Are Consumers Being Denied Mental Health Coverage?

By Consumers for Quality Care, on June 23, 2017

Are Consumers Being Denied Mental Health Coverage?

Photo by Heidi de Marco/KHN

The Boston Globe recently reported on a growing trend of insurance companies refusing to cover mental health programs.

Wilderness Therapy, a form of behavioral therapy, is increasingly accepted by mental health professionals to treat behavioral, substance abuse and mental health issues in teenagers.
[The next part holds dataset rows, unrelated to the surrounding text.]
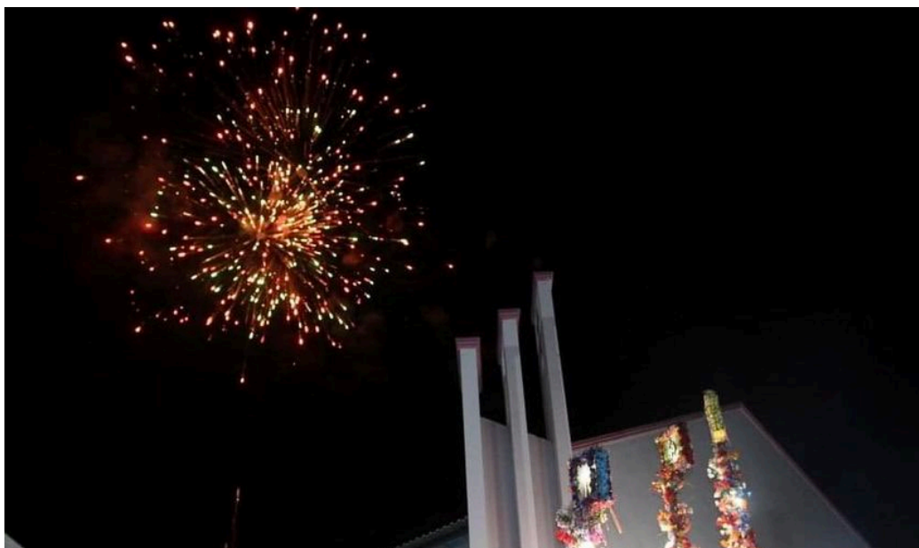
Queima de fogos da Festa de Nossa Senhora do Rosário.
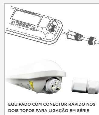
EQUIPADO COM CONECTOR RÁPIDO NOS DOIS TOPOS PARA LIGAÇÃO EM SÉRIE
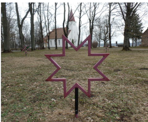
Vides objekts - etnogrāfiskā zīme "Auseklītis"
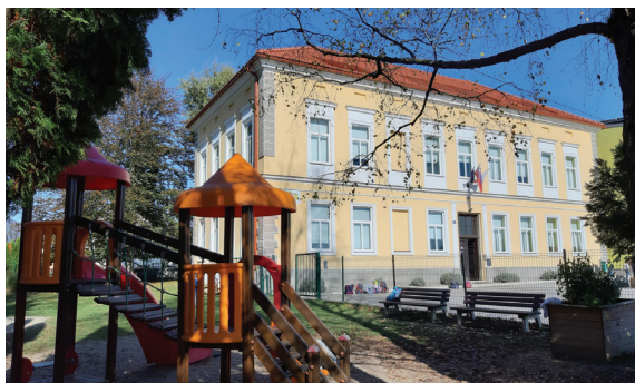
ENOTA NOVA CERKEV
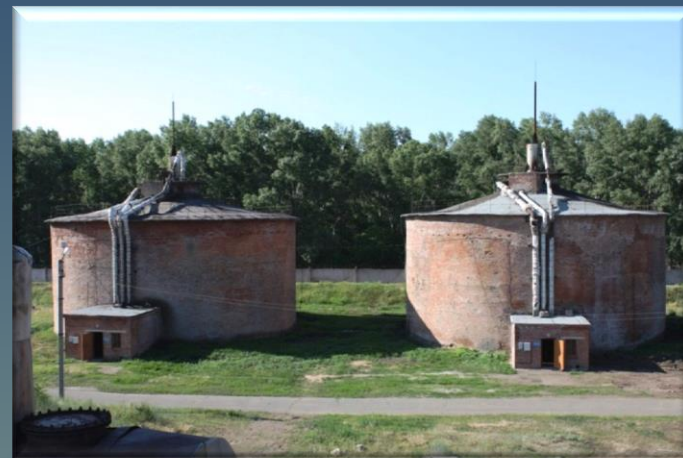
Метантенки практически повсеместно работают с нарушением технологии

The programs use many of the same tactics as traditional in-patient programs, but places them in a radically different setting.

“Many would say you have to have a quality treatment program; whether it’s taking place in the wilderness and or in a group home doesn’t matter.’’

For many families, these programs are a list ditch effort to help teens who are defiant against or unsuccessful with other kinds of treatment.

The adolescents who turn to wilderness therapy “are on the brink,’’ said Patrick Sheehan, a Boston attorney who filed many of the lawsuits. “It is a life-or-death choice for them.’’

“We were lost,’’ said [a] mother, Erica Freilich… “It was either do this or watch your child die.’’

There are lawsuits over insurers denying this kind of treatment in at least 5 states:

Lawsuits have been filed in Florida, Kentucky, New York, and Utah, bolstered by federal rules expanding mental health care coverage, and by improvements in the wilderness therapy industry itself.

Two Massachusetts insurers are refusing to comment on why they are not covering the therapy.

Mary Covington, who is the president of a Utah company that helps fight insurance denials, argues for the coverage of wilderness therapy:

S]he is winning more of these fights, in large part due to 2013 federal rules requiring coverage of “intermediate care’’ for patients. “That opened up everything for wilderness therapy,’’ she said. If the insurer covers skilled nursing or inpatient rehabilitation on the medical side, then, she argues, they should cover intermediate treatment on the mental health side.

Kayla, Erica Freilich’s daughter, agrees.

If it hadn’t been for wilderness therapy making her more open to treatment, Kayla doesn’t think she would have agreed to residential care afterward. Kayla, now 18 and feeling better, is working as a camp counselor this summer. She will be a sophomore at Boston University in the fall.